- [Task objective] Your reply should consist only of the lines from the one holding "Condiments are served" to the last line of the data below, written out exactly and without pictures.

- [Data shown]
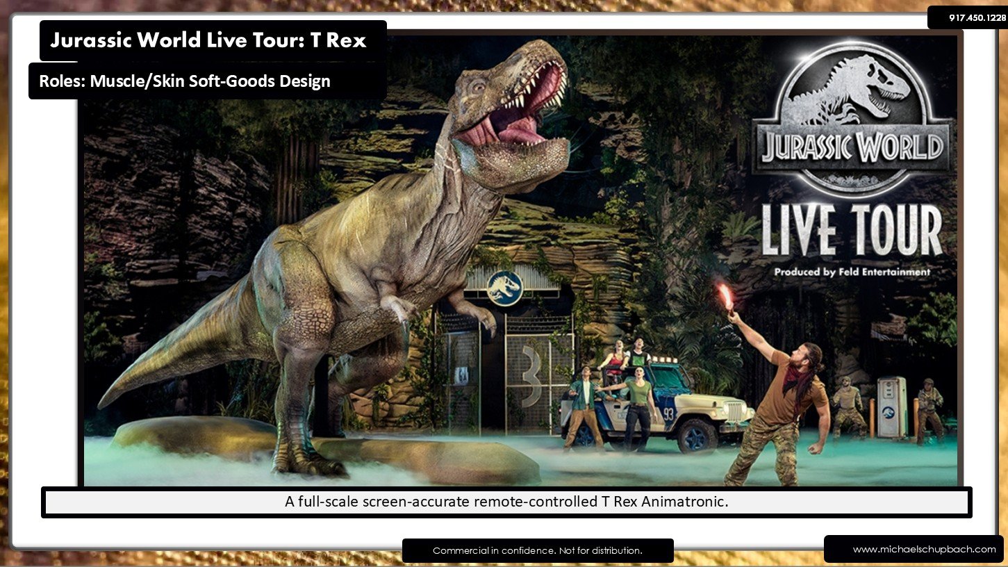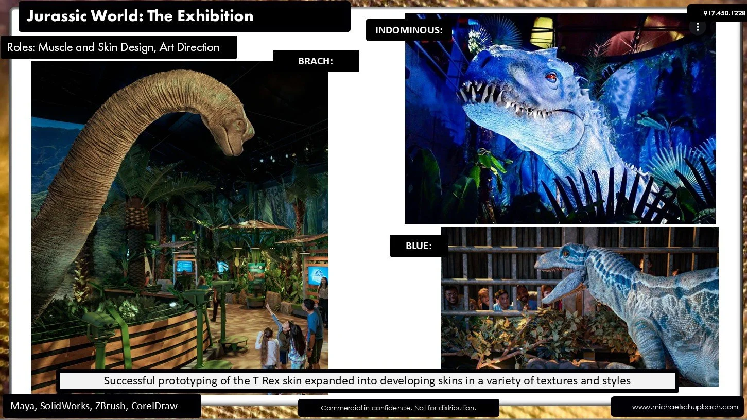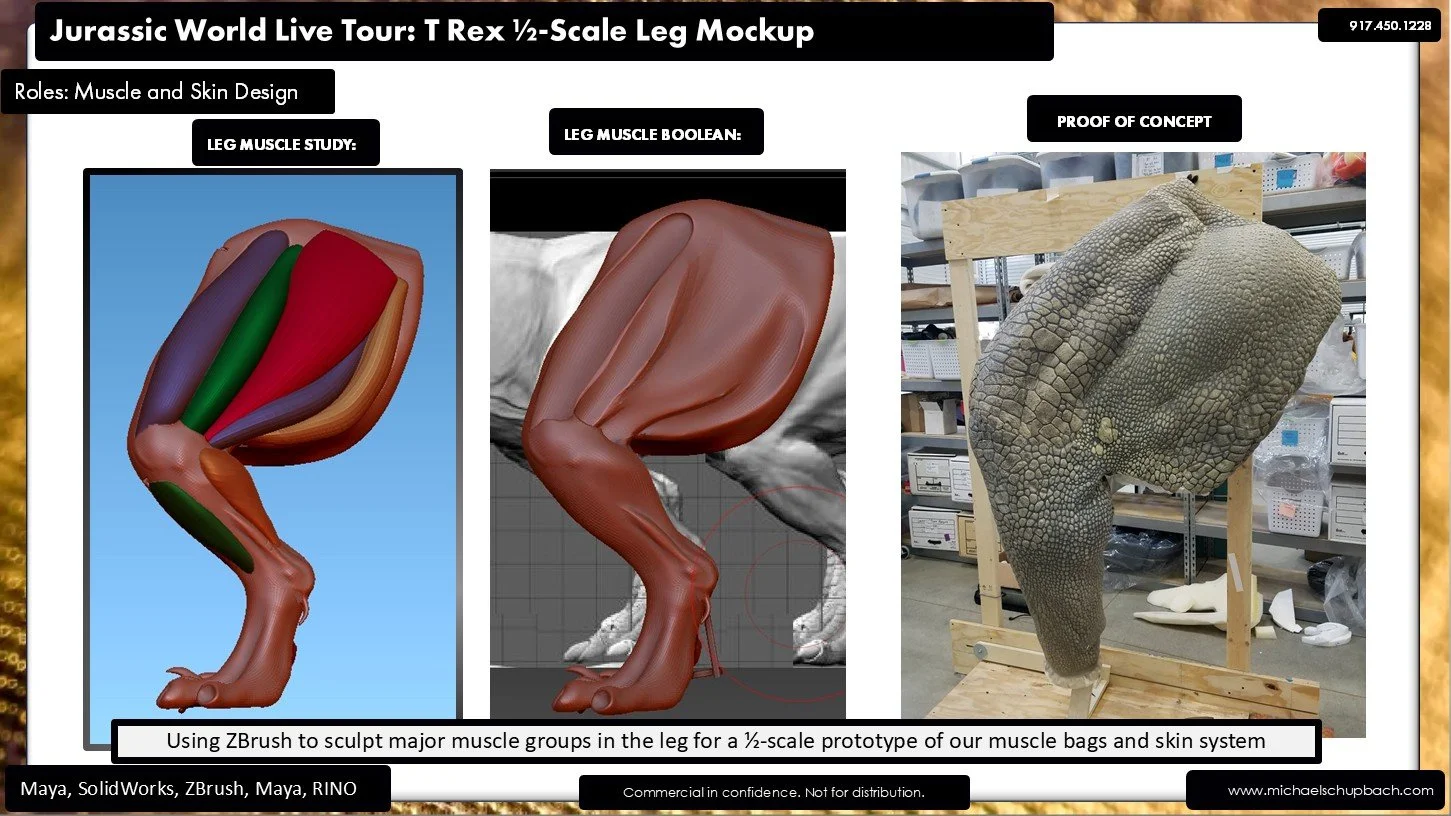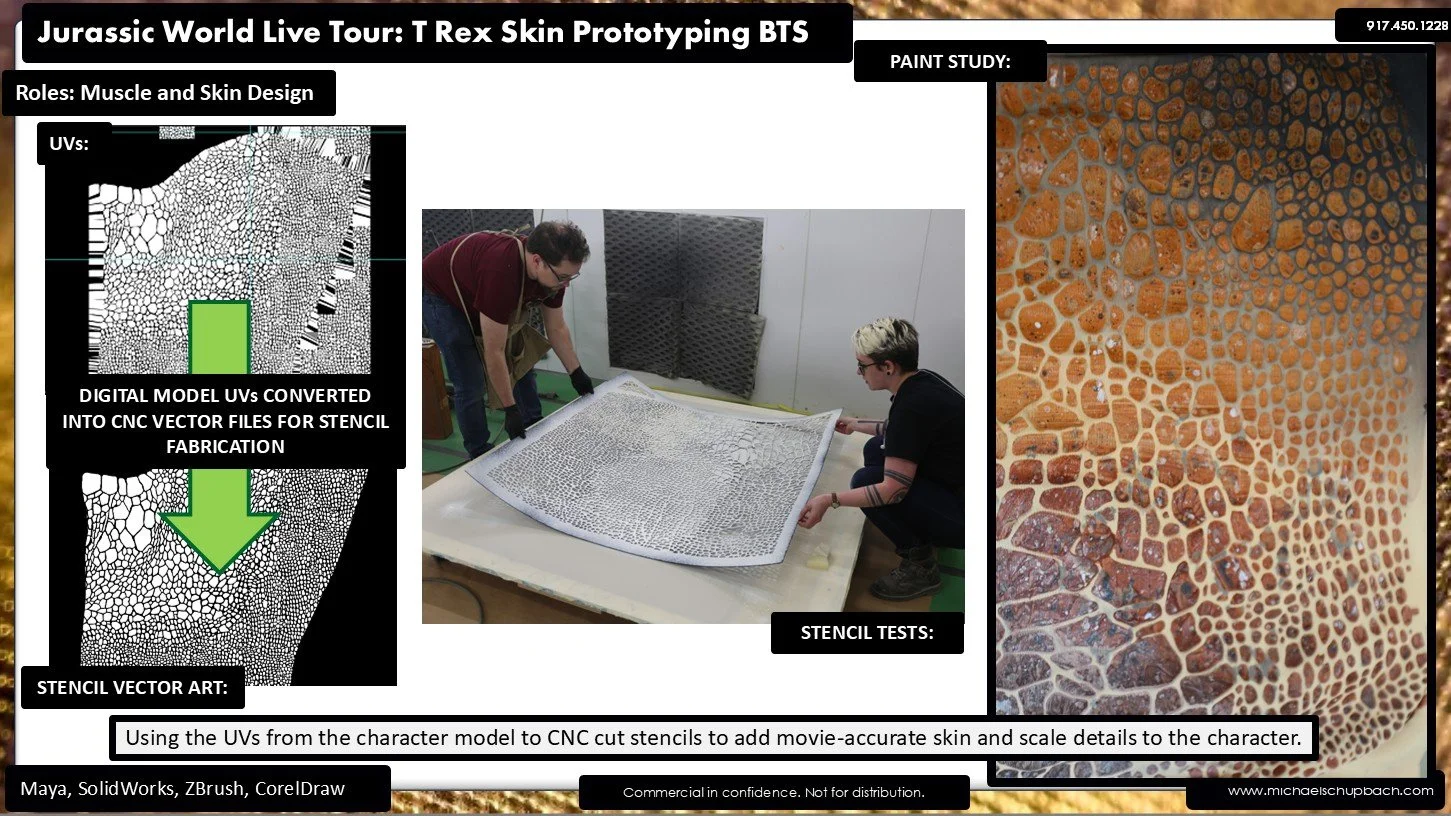 Concepts for muscle and skin systems for a full-scale animatronic T. rex. Created digital sculpts, paint tests, and UV-based stencil templates as a basis for eventual production.
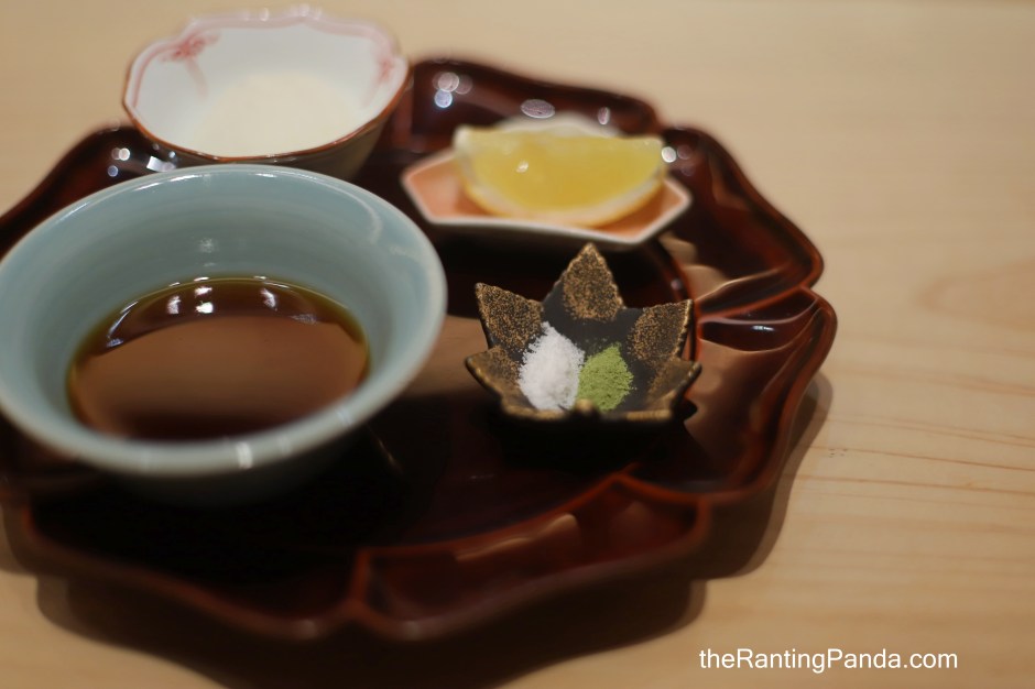 Condiments are served for the tempura such as lemon, sea salt and green tea salt, along with radish and tempura sauce.
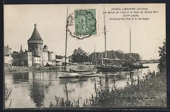 AK Libourne, Les Bords de l`Isle et la Tour du Grand Port (XIVe siècle) au confluent de l`Isle et la Dordogne
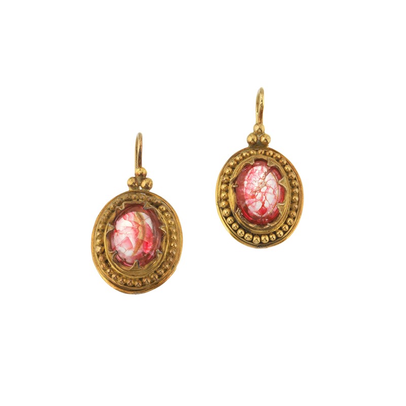 in oro giallo 18kt, di forma ovale, con al centro pietre sintetiche taglio cabochon cinte da microgranuli, dim. cm 1,5x3, gr. 6 complessivi

- [Answer to the exercise]
 Condiments are served for the tempura such as lemon, sea salt and green tea salt, along with radish and tempura sauce.
 AK Libourne, Les Bords de l`Isle et la Tour du Grand Port (XIVe siècle) au confluent de l`Isle et la Dordogne
 in oro giallo 18kt, di forma ovale, con al centro pietre sintetiche taglio cabochon cinte da microgranuli, dim. cm 1,5x3, gr. 6 complessivi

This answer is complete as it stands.